W Madrycie 170 tys. osób protestowało przeciwko premierowi Sanchezowi

Protestujący Hiszpanie uważają, że wybrany na kolejną kadencję premier Pedro Sanchez z partii socjalistycznej, zdradził jedność państwa i naród, zawierając dla zachowania władzy porozumienie z partią katalońskich separatystów.

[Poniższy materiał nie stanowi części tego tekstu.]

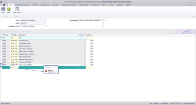 Search for an select the Part you wish to add to the template
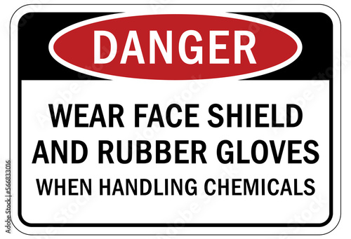 Protective equipment sign and labels wear face shield and rubber gloves when handling chemicals
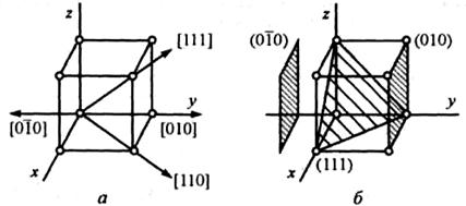 Рисунок 10 – Кристаллографические индексы направлений (а) и плоскостей (б)
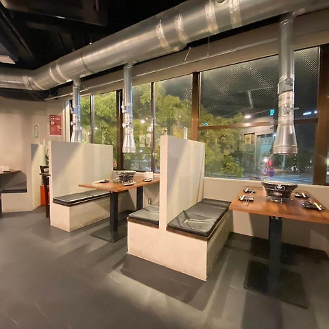 当店は、階段の上に佇む大人の隠れ家的焼肉屋。壁一面の大きな窓から外の景色を楽しめる、優雅な4名様掛けテーブル席と、2名様までのカウンター席をご用意しております。カウンター席では人目を憚らず、心ゆくまで焼肉を楽しむ時間を提供。お一人様で焼肉グルメを堪能したい方や、ご夫婦、カップルでのご利用に最適です。
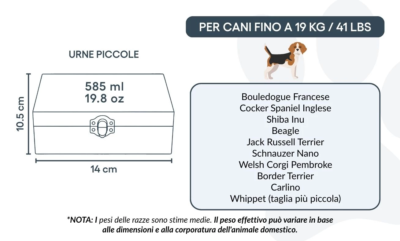 Uwaga: Podane pojemności są orientacyjne i oparte na średnich wynikach kremacji zwierząt. Przy wyborze urny należy uwzględnić wagę i budowę pupila.
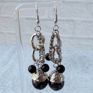 Vintage Chico’s Y2K Silver Chain Drop Earrings With Black Beaded Accents
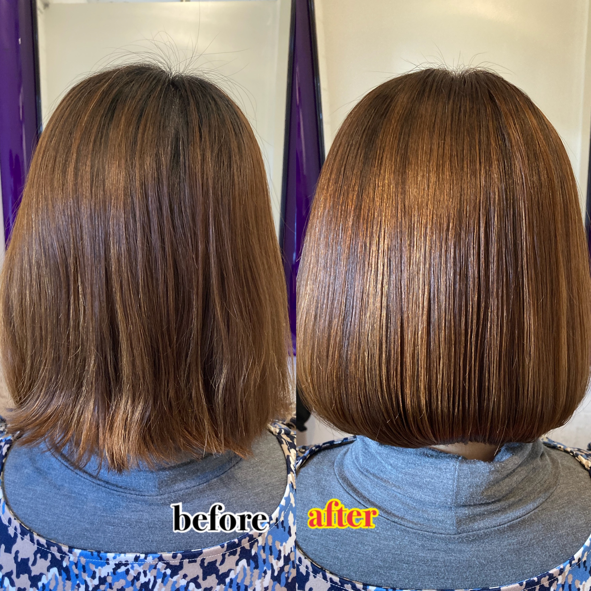 守山店のストレートエステの施術実績 dearsmoriyama 2025年4月5日 こちらのお客様は、クセでの広がり・うねり・軟毛・全体的な乾燥(パサつき)がお悩みでした。 ご来店されましたときは、クセの広がり・薬剤でのダメージでまとまりにくくなっておりました。 薬剤と一緒に栄養分をしっかりと入れさせて頂き、クセをしっかり伸ばし改善させて頂きました。 ドライだけで、ツヤがありまとまりの良い髪になりました。
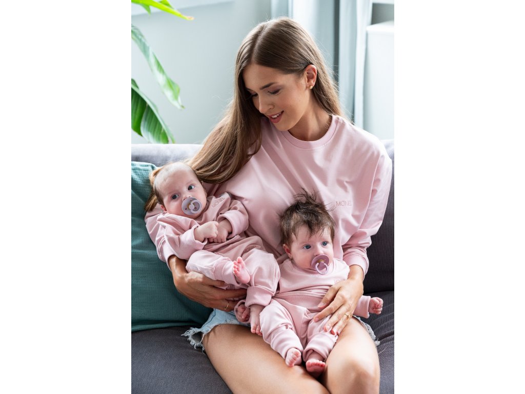 The Moniel Basic Powder Pink kids' grow-with-me sweatsuit will become a favorite piece in your child's wardrobe. It has a practical cut that adapts perfectly to your little one.

Przypomnijmy, że w zamian za poparcie rządzący Hiszpanią socjaliści porozumieli się z partią Razem dla Katalonii (Junts), byłego premiera tego regionu Carlesa Puigdemonta, w sprawie amnestii dla katalońskich separatystów. W związku z tym w kraju zaczęły się antyrządowe manifestacje, podczas których policja używała wobec demonstrantów siły. Pomimo tego, w czwartek premier Pedro Sanchez został wybrany przez parlament na kolejną kadencję. W umowie koalicyjnej zapisano amnestię względem skazanych za udział w próbie odłączenia Katalonii od Hiszpanii.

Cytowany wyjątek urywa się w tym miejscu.